So, the answer is simply that, to be a "Shihan" in the Bujinkan, you just need to have a rank of 10th Dan or higher, although that isn't followed even by everyone in the Bujinkan itself. And to be awarded Judan, all you need is to be nominated by one Shihan, and have that seconded by two others. And yes, that is something that a number of people have asked for, rather than waiting to be put forth, which can lead to some very fast promotions. One of the fastest that I know of is one Craig Brogna (http://craigbrogna.com/), who started training at age 23, sat for his Godan (5th Dan, which allows you to be an official teacher, or Shidoshi, and is the only physical test in the Bujinkan, a sensory test involving a sword strike from behind that you need to avoid) two years later at age 25, and three years after that was nominated and awarded his Judan. That's zero to 10th Dan in 5 years. And one of the main reasons seems to be his teacher, one Chris Carbonaro, who also got Judan in less than 10 years.

That test for Godan, by the way, is this:





And same again, but with some less-successful candidates....


----------



## skuggvarg (Jan 2, 2012)

Here is my personal opinion on who is and who isnt a Shihan.

A Shihan is beyond grades and naturally never reveals his grade or chase grades. He never calls himself a Shihan and would never fall to such low levels as to use his status to earn money. The phrase "my name is my grade" comes to mind. He has vast knowledge and experience in the ryu-ha he is part of, having recieved teachings directly from the head of the ryu-ha (of course he speaks and reads japanese). That, and yeah one more thing, this is martial arts so he should naturally be able to put you down with little effort. Else there is a high risc he is a "false" Shihan 

Regards / Skuggvarg


----------



## Chris Parker (Jan 3, 2012)

skuggvarg said:


> Here is my personal opinion on who is and who isnt a Shihan.

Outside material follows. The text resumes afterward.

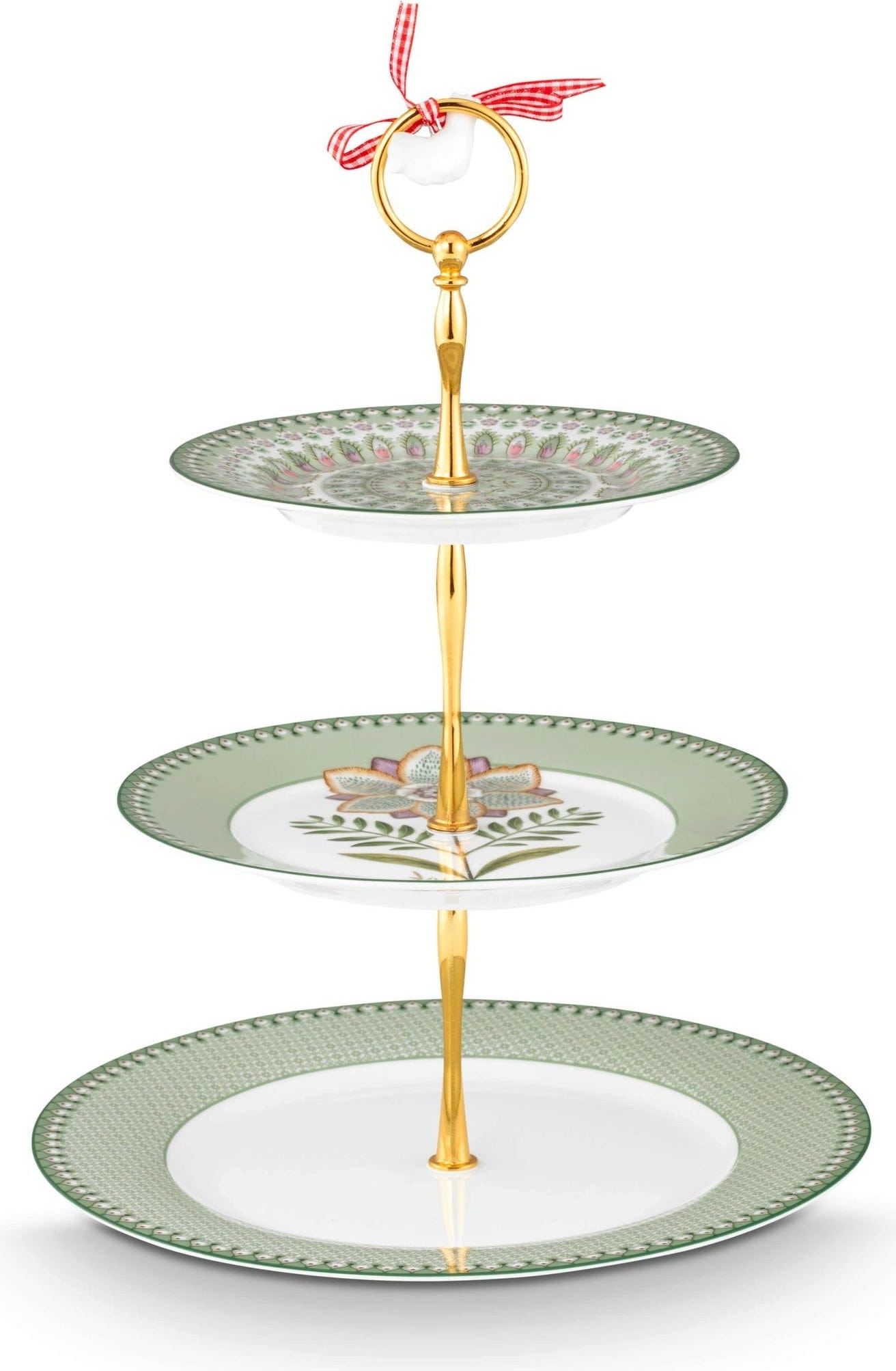 Contenido: bandeja de tres niveles compuesta por platos de porcelana de distintos tamaños

That's really the thing, though, Richard, it's your personal opinion. Now, that's perfectly valid, and shows your values, and where your respect goes, but that only applies to yourself and your personal usage of the term, rather than the actual usage of the term itself. Additionally, it's a little flawed, to be frank.



skuggvarg said:


> A Shihan is beyond grades and naturally never reveals his grade or chase grades.



As a Shihan is the highest ranked, chasing grades isn't really relevant, nor is the idea of "revealing" your grade. If you're a Shihan, then your grade is known. And no, it's not "beyond grades", it's a title applied to the most senior (highest graded) instructors.



skuggvarg said:


> He never calls himself a Shihan and would never fall to such low levels as to use his status to earn money.



That's a good ideal, but really has nothing to do with whether or not the individual is a Shihan.



skuggvarg said:


> The phrase "my name is my grade" comes to mind. He has vast knowledge and experience in the ryu-ha he is part of, having recieved teachings directly from the head of the ryu-ha (of course he speaks and reads japanese).



Which brings us to the idea of what they are a Shihan of... if it's of the Ryu, then yes. If it's of the Bujinkan (not the Ryu), then no.



skuggvarg said:


> That, and yeah one more thing, this is martial arts so he should naturally be able to put you down with little effort. Else there is a high risc he is a "false" Shihan
> 
> Regards / Skuggvarg



A little more detail may be needed to put that into context, after all, just being able to "put you down" doesn't mean the person has the first clue about the Bujinkan's methods... and it doesn't take into account a range of, say, weaponry skills. Skill with a Bo, for instance, doesn't really mean that you can "put someone down", and being able to "put someone down" doesn't mean you're skilled in the art itself.

I might also point out that the criteria you've listed can be applied to people that aren't Shihan without much issue, for instance Kacem Zoughari (according to his fanbase).

Kacem is a Godan, although that isn't used as a selling point for the invitations he receives to teach seminars, and, by Bujinkan standards, he can certainly be said to not be "chasing rank". According to the fanbase, again, Kacem has "vast knowledge and experience in the Ryu-ha... having received teachings directly from the head of the ryu-ha", and he speaks and reads Japanese as well. Many are also convinced that Kacem has no problem "putting someone down" either. 

So he fits your description without too much issue... but is he a Shihan?


----------